• _EXERCISE INSTRUCTIONS_
The required output is the lines below from the line containing "Die amphibischen Landungsschiffe" to the line containing "截至2024/11/27统计", inclusive, retyped exactly. No other lines belong in it.

• _INPUT MATERIAL_
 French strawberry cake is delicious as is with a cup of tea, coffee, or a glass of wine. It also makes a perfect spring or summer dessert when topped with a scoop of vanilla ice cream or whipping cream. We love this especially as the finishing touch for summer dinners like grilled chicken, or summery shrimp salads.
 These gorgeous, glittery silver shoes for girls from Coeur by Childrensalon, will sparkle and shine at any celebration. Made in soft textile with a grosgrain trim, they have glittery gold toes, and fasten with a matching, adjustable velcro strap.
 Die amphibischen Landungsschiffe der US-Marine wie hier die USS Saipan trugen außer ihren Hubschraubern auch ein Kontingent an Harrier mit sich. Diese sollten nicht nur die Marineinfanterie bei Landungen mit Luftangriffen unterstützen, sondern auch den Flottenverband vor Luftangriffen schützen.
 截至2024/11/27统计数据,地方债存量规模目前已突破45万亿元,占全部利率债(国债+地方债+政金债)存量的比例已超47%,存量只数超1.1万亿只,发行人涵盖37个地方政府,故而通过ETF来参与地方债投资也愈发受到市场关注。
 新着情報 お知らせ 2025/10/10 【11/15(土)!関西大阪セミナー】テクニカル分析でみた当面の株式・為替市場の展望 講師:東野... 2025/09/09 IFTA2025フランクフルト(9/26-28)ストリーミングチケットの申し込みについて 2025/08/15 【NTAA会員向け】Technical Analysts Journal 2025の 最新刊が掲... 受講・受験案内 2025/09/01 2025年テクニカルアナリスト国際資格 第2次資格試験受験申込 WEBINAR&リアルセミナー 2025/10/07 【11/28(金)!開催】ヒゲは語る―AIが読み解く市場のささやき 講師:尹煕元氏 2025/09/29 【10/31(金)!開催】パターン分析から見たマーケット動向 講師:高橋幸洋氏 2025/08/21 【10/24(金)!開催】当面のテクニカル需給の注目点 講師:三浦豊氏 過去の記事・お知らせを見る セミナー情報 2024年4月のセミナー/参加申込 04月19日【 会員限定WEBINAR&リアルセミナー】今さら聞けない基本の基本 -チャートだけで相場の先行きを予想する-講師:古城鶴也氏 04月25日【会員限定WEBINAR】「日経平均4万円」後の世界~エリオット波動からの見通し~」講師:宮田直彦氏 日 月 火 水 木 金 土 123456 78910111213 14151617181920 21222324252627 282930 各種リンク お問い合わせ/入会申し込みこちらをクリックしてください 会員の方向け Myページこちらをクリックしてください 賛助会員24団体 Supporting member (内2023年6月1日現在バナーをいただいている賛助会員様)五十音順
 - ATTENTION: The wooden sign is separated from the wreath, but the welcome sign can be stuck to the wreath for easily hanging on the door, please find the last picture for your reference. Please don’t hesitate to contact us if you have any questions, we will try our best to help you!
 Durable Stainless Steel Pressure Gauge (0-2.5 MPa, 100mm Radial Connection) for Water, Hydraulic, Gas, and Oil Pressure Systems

==

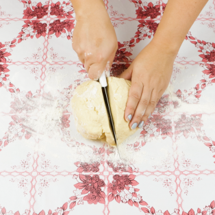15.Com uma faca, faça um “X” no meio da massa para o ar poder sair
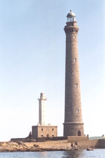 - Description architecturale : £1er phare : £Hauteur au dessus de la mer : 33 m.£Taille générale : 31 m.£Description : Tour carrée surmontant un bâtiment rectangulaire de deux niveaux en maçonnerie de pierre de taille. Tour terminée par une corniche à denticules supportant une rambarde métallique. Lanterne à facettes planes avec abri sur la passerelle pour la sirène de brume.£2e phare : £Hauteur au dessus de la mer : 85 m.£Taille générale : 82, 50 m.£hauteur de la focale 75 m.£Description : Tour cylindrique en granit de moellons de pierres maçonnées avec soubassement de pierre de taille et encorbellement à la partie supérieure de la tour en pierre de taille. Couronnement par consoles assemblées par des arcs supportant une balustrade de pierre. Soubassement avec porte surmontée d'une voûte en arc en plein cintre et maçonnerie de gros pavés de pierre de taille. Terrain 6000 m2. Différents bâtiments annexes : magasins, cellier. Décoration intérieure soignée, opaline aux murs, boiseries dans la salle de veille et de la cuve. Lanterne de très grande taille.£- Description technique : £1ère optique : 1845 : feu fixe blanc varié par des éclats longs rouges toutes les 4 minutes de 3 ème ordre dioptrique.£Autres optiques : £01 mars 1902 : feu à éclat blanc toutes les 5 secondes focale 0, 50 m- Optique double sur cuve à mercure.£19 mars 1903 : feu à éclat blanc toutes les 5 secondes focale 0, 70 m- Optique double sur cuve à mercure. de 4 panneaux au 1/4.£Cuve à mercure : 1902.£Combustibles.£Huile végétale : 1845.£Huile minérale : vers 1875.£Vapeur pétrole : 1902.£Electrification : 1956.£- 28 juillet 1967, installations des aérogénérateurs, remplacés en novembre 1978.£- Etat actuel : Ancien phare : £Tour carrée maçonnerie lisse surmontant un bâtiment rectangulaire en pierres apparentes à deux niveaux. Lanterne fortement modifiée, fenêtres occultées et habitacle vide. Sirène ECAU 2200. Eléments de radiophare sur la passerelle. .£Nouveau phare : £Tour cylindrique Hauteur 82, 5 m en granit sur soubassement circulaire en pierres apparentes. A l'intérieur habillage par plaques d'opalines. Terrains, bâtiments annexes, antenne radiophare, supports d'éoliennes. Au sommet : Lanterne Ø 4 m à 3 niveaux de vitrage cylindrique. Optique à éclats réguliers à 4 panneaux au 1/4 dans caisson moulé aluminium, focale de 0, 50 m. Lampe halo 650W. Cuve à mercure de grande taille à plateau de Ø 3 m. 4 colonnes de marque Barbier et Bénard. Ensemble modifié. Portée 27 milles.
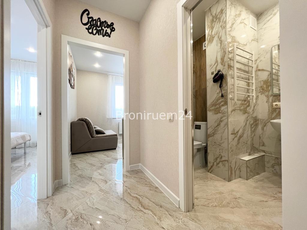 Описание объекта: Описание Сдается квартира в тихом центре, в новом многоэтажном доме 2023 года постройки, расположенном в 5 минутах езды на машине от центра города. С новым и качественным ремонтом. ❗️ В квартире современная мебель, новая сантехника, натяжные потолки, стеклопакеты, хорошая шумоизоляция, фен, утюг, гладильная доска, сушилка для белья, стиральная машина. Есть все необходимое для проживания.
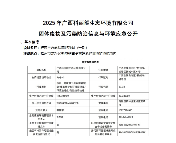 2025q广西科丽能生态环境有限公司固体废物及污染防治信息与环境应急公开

• _WRITTEN REPLY_
 Die amphibischen Landungsschiffe der US-Marine wie hier die USS Saipan trugen außer ihren Hubschraubern auch ein Kontingent an Harrier mit sich. Diese sollten nicht nur die Marineinfanterie bei Landungen mit Luftangriffen unterstützen, sondern auch den Flottenverband vor Luftangriffen schützen.
 截至2024/11/27统计数据,地方债存量规模目前已突破45万亿元,占全部利率债(国债+地方债+政金债)存量的比例已超47%,存量只数超1.1万亿只,发行人涵盖37个地方政府,故而通过ETF来参与地方债投资也愈发受到市场关注。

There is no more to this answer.